Metabolic Screening/Storage Disorder Testing: This test examines abnormal metabolites in the urine. To obtain the most information from this test we recommend that the urine sample be accompanied by an EDTA blood and a serum sample and, very important, the patient’s clinical information. Ideally, a serum sample from a normal same-species animal should also be submitted to account for any enzyme degradation during transport, that would be used for further specialized enzyme testing (separate test, see below).
Specialized Enzymes Testing: These tests are done by appointment only, so please contact us before submitting samples. We are testing for the activity of a number of specific enzymes that have been implicated in various storage diseases, such as MPS I, VI, VII, GM1- and GM2-gangliosidosis, alpha- and beta-mannosidosis, and alpha-fucosidase. You would need to submit EDTA blood and a serum sample from the patient and a serum sample from a clinically normal same-species animal to account for any enzyme degradation during transport, unless previously submitted with a Metabolic Screening test.

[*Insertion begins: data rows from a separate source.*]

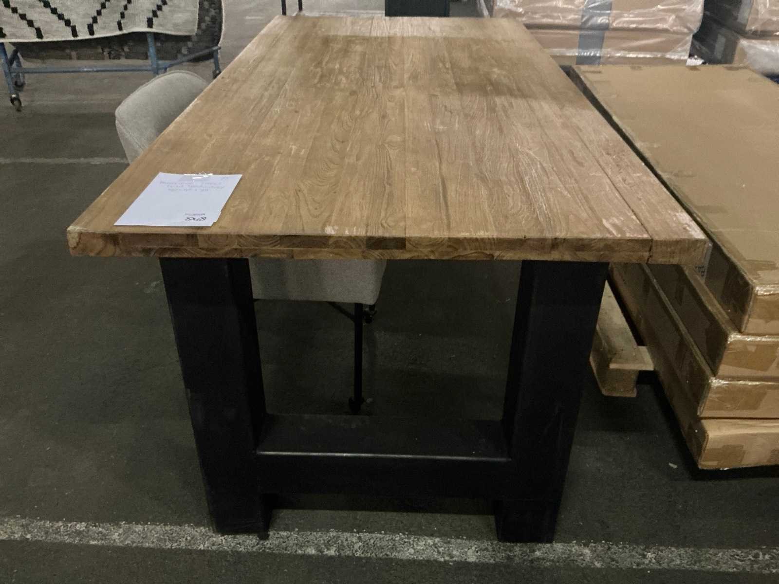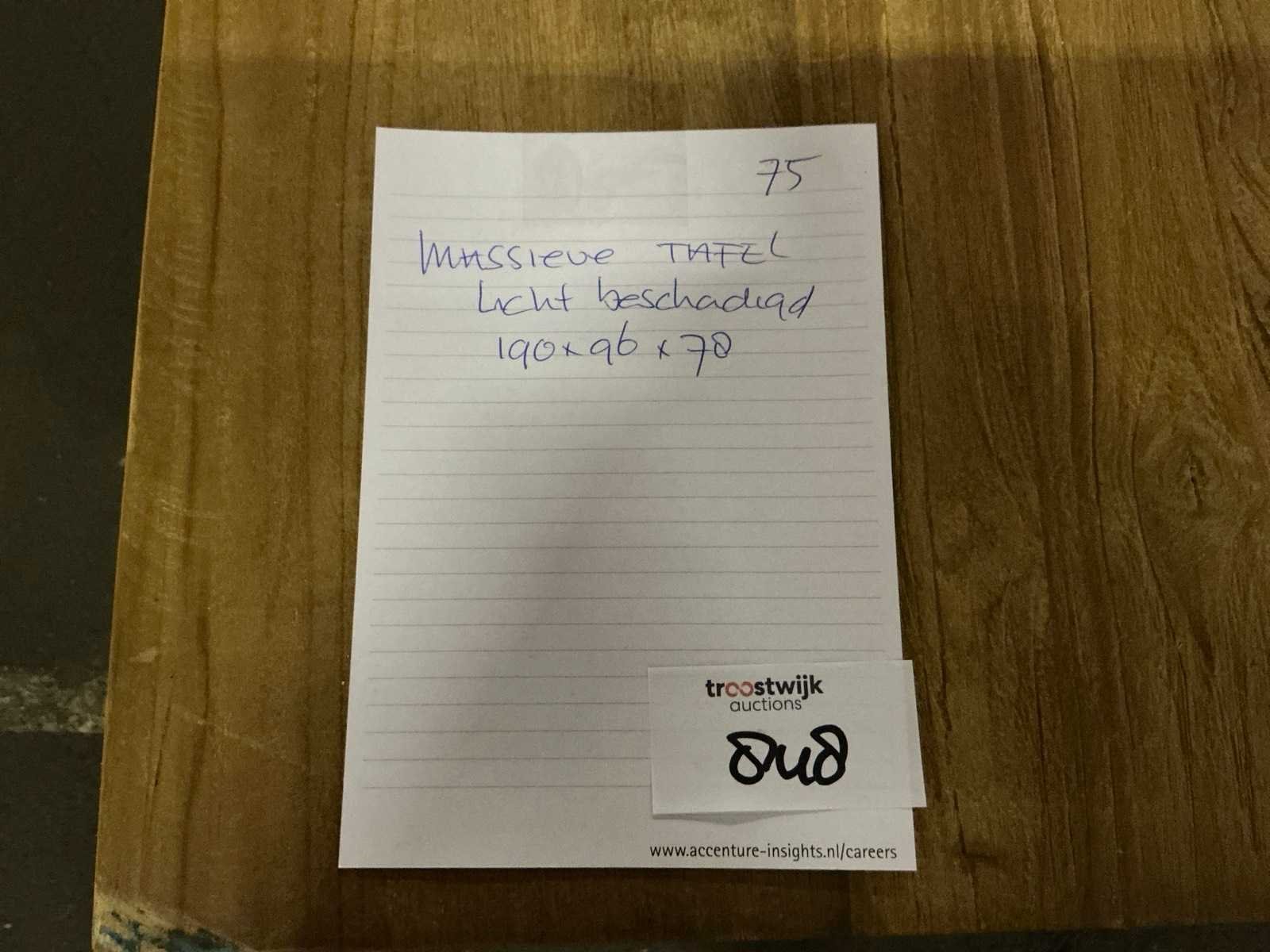 Licht beschadigd Model: Massief Vorm: Recht Zitplaatsen: 4 Kleur: Bruin Lengte: 190cm Breedte: 96cm Hoogte: 78cm Materiaal: Hout en metaal
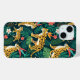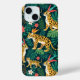 Des léopards portant des coiffes en plumes, entourés de fleurs tropicales et de feuilles dans un cadre dense dans la jungle, des couleurs vives, un design ludique.
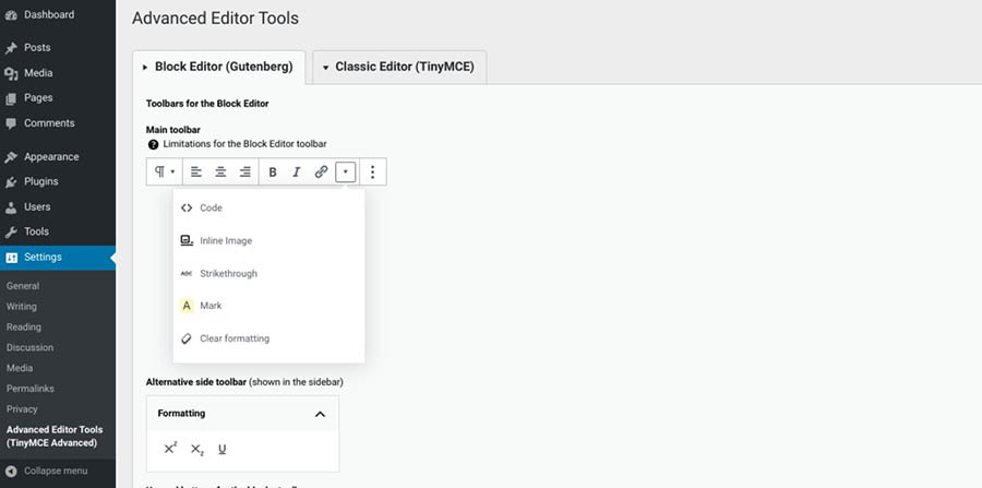 Después de que lo instalas y activas, puedes ubicar la configuración navegando a Settings > Advanced Editor Tools.
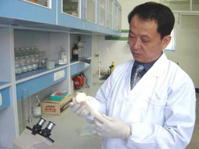 李寶興和同事們反復試驗,尋找臨床試用出現(xiàn)不良癥狀的原因,結(jié)果發(fā)現(xiàn),主要是因為原材料中的蛋白質(zhì)等的留存度過高。找到問題就可以對癥下藥了,怎樣才能使這些物質(zhì)的留存度最少呢?清洗是核心技術(shù),怎樣洗、洗幾遍才能洗干凈而不會損壞原有材料的骨結(jié)構(gòu)?李寶興和同事們反復試驗,反復清洗,終于掌握了一套不同時長、不同水流清洗的技術(shù)。
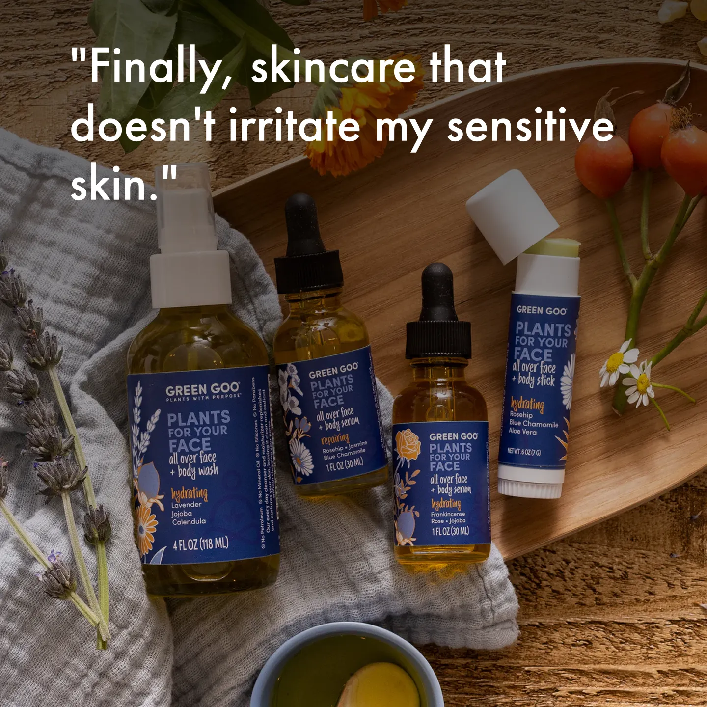 Harsh cleansers strip your skin's natural oils, leaving it tight and dry. Heavy moisturizers clog pores and cause breakouts. Chemical serums promise miracles but deliver irritation. Plants For Your Face works differently. We use oil-based formulas that mimic your skin's natural sebum — so they absorb instantly without clogging pores or feeling greasy.
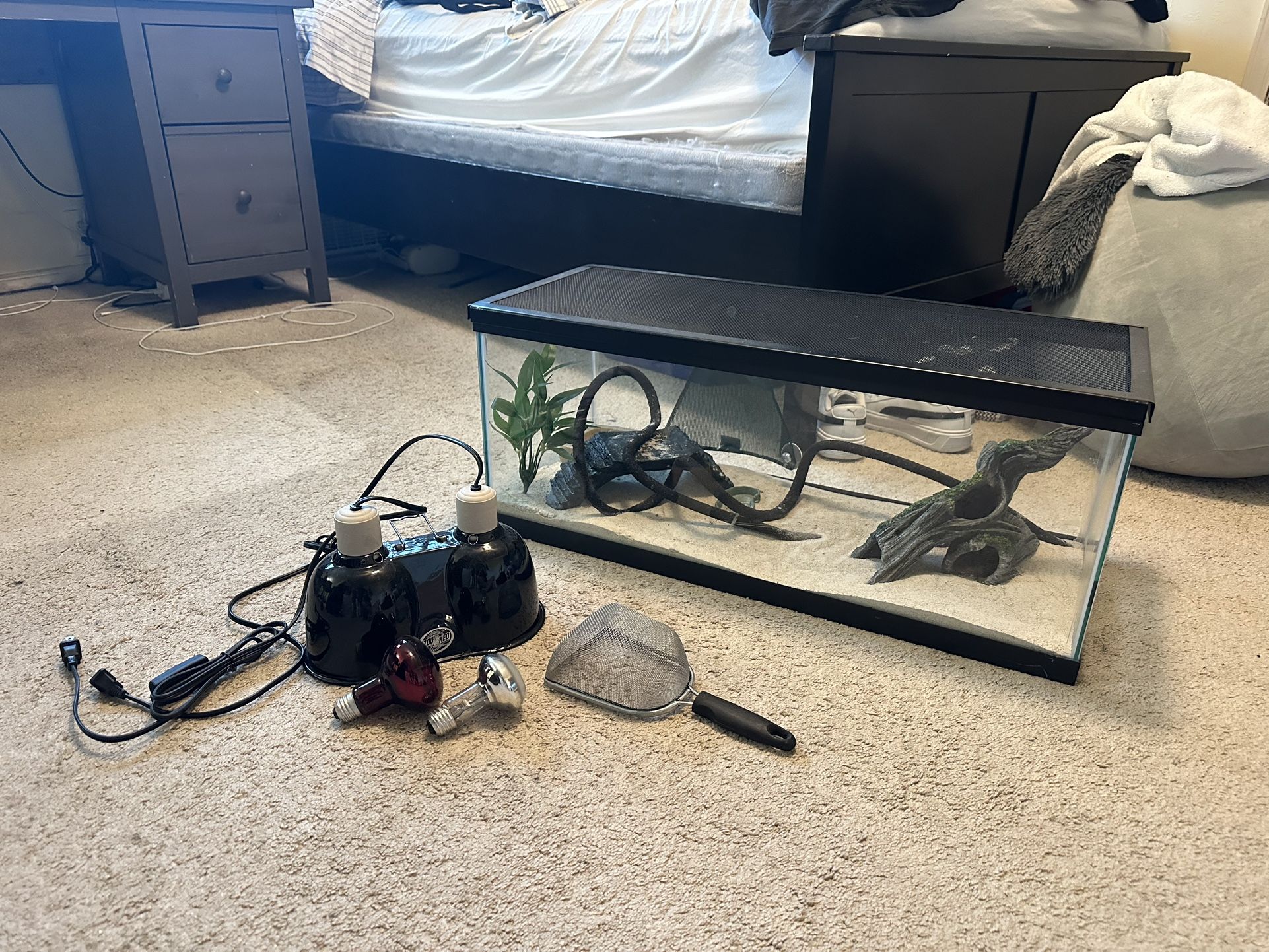 I have a 20 gallon fish tank that I used for a lizard, along with a double lamp fixture and a scoop. The lamp already has two lightbulbs in it, but I have two extra as well. The tank comes with accessories for enrichment. I’m open to offers, no lowballing please. Located in Pleasanton/Dublin, pickup or meetup only.

Nitroprusside/Cystinuria Testing: We are testing for the presence of cystine in the urine though a semi-quantitative test. At this time we are not able to provide you with the exact concentration in numbers. Results will be given in positive, slightly positive, or negative.
Methemoglobin/Cytochrome B5 Reductase Enzyme Deficiency Testing: This test is done by appointment only, as the samples have to be processed immediately, so please contact us before submitting samples. This test evaluates the activity/deficiency of Cytochrome B5 reductase enzyme in the patient. The samples needed are EDTA blood from the patient as well as EDTA blood from a clinically normal same-species animal to account for any enzyme degradation during transport.